((

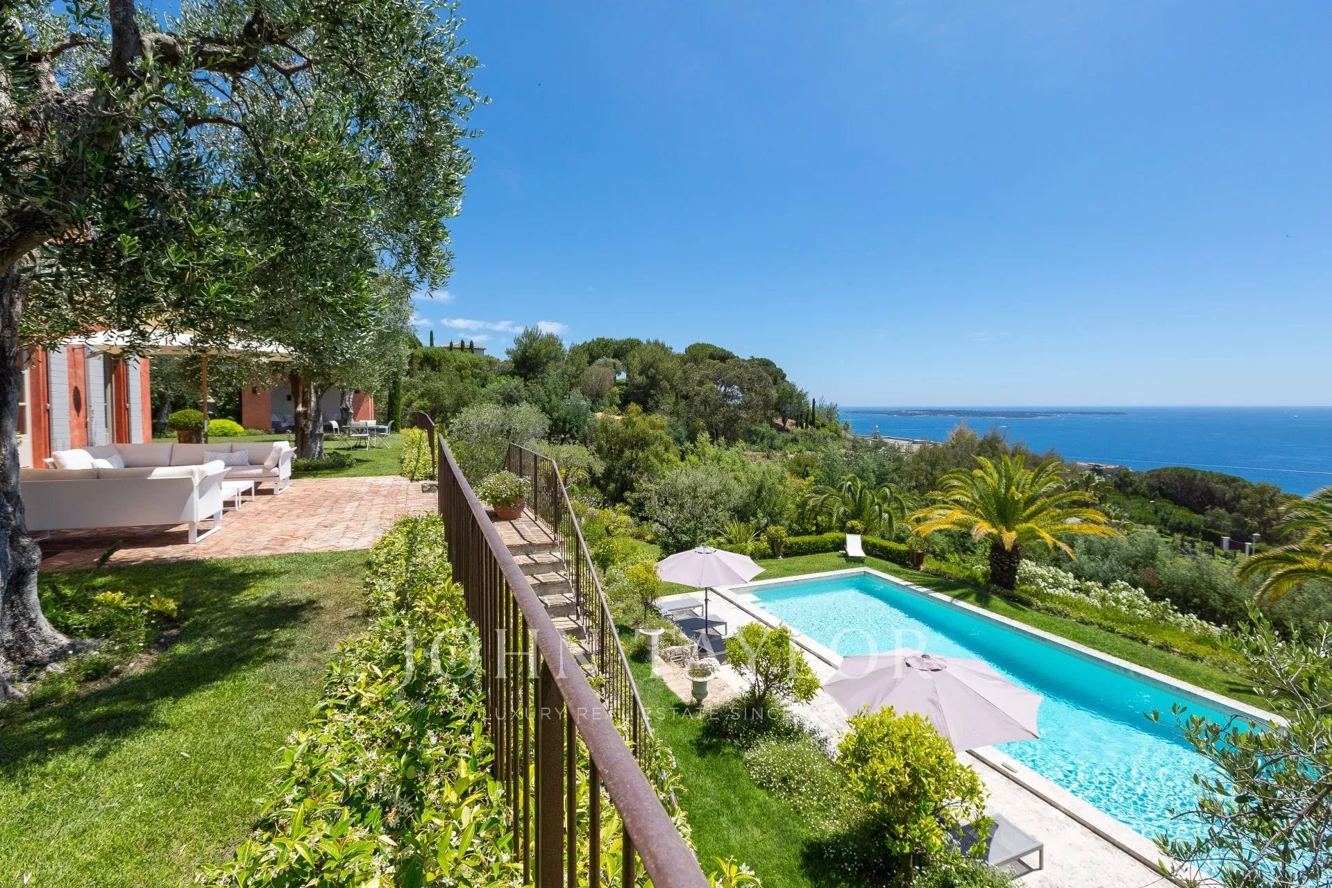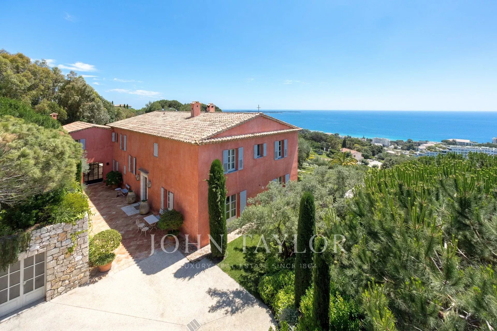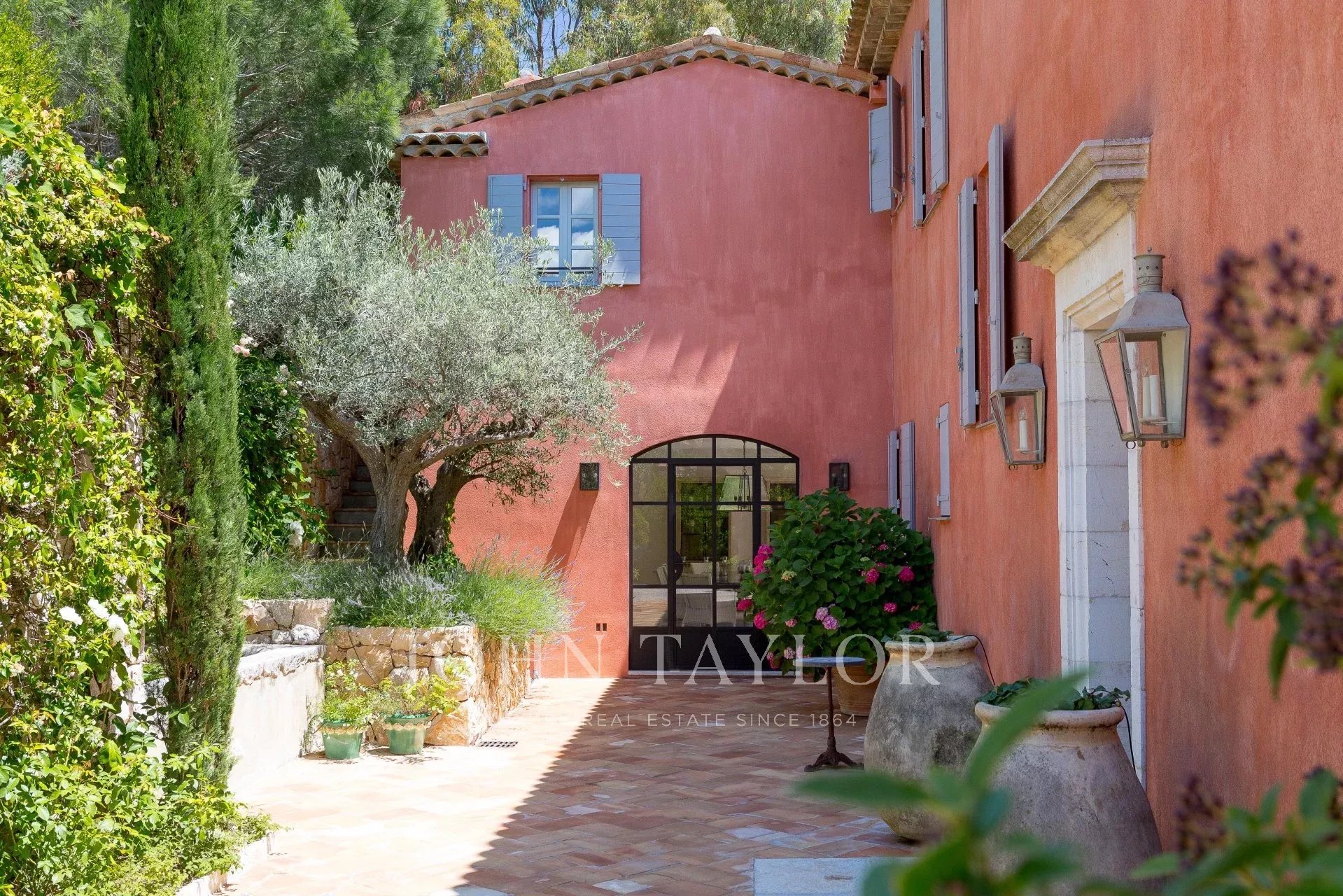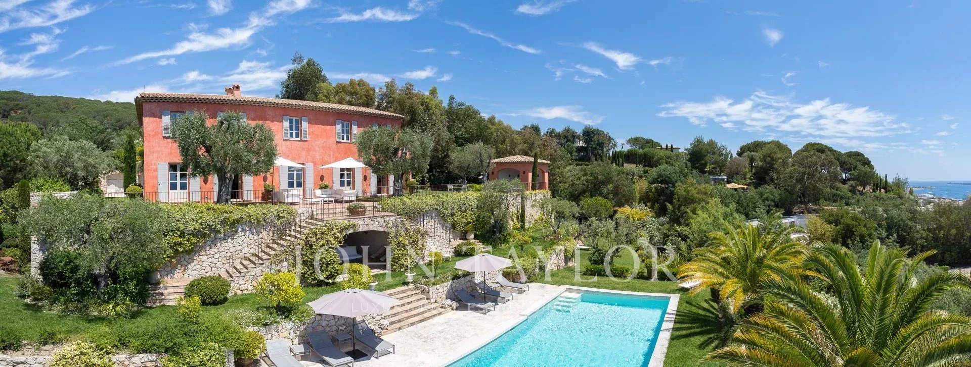En el barrio de la Croix des Gardes, a pocos minutos del centro de Cannes, esta gran casa Bastide (500 m2) goza de preciosas vistas al mar, a la bahía de Cannes y a los montes Esterel, en un terreno de 4.400 m2.
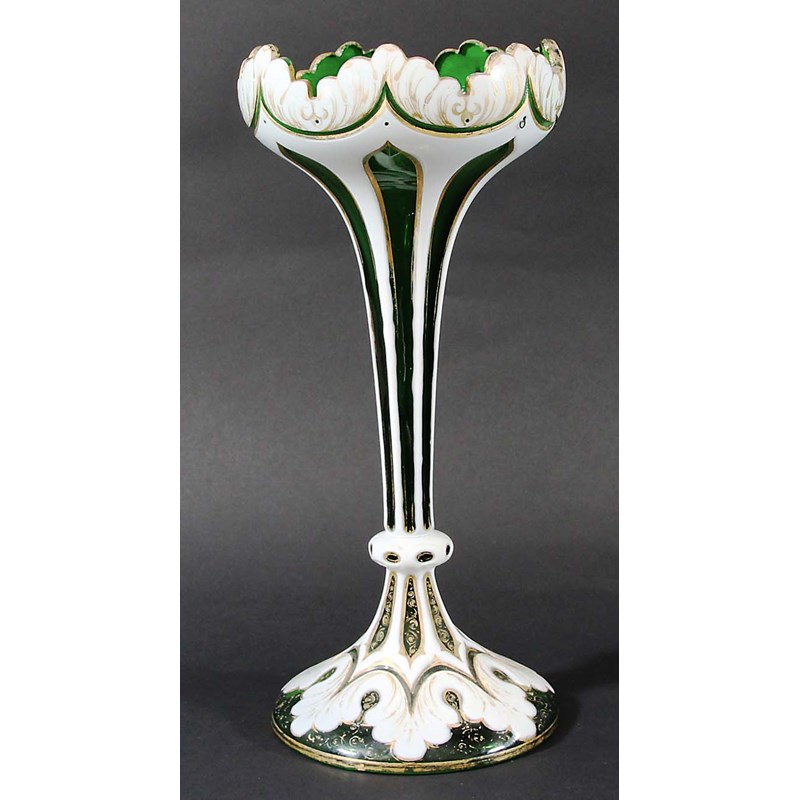 BOHMENIAN STYLE GLASS LUSTRE, white cut through to green with gilt highlights, lacking drops, height 36cm
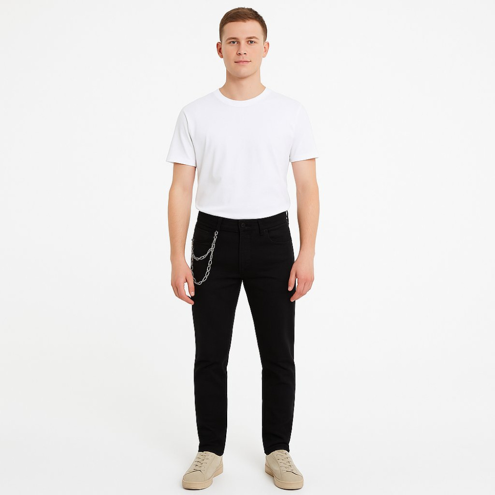 Мужские джинсы Only Denim чёрного цвета, зауженная посадка, есть декоративная цепочка сбоку. Подойдут для повседневных образов и более строгого casual за счёт однотонного цвета. Практичный плюс — немаркий оттенок и удобная посадка на каждый день.
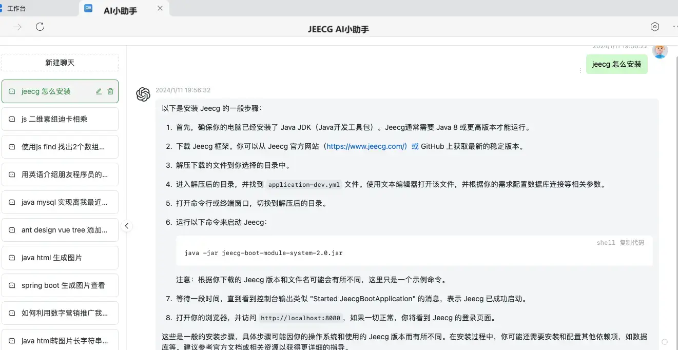- AI能力:目前JeecgBoot支持AI大模型chatgpt和deepseek,现在最新版默认使用deepseek,速度更快质量更高。目前提供了AI对话助手、AI建表、AI报表等功能。
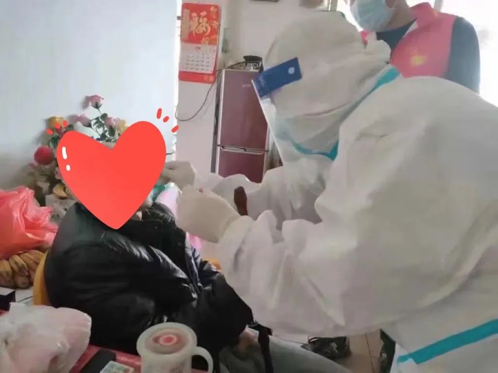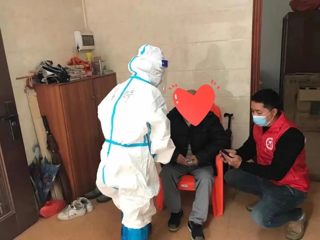 荷塘镇中心广场采样点为行动不便老人上门核酸检测。

))

Whatever pictures the entries contain, omit them, and write the rest out exactly.

En el barrio de la Croix des Gardes, a pocos minutos del centro de Cannes, esta gran casa Bastide (500 m2) goza de preciosas vistas al mar, a la bahía de Cannes y a los montes Esterel, en un terreno de 4.400 m2.
 BOHMENIAN STYLE GLASS LUSTRE, white cut through to green with gilt highlights, lacking drops, height 36cm
 Мужские джинсы Only Denim чёрного цвета, зауженная посадка, есть декоративная цепочка сбоку. Подойдут для повседневных образов и более строгого casual за счёт однотонного цвета. Практичный плюс — немаркий оттенок и удобная посадка на каждый день.
- AI能力:目前JeecgBoot支持AI大模型chatgpt和deepseek,现在最新版默认使用deepseek,速度更快质量更高。目前提供了AI对话助手、AI建表、AI报表等功能。
 荷塘镇中心广场采样点为行动不便老人上门核酸检测。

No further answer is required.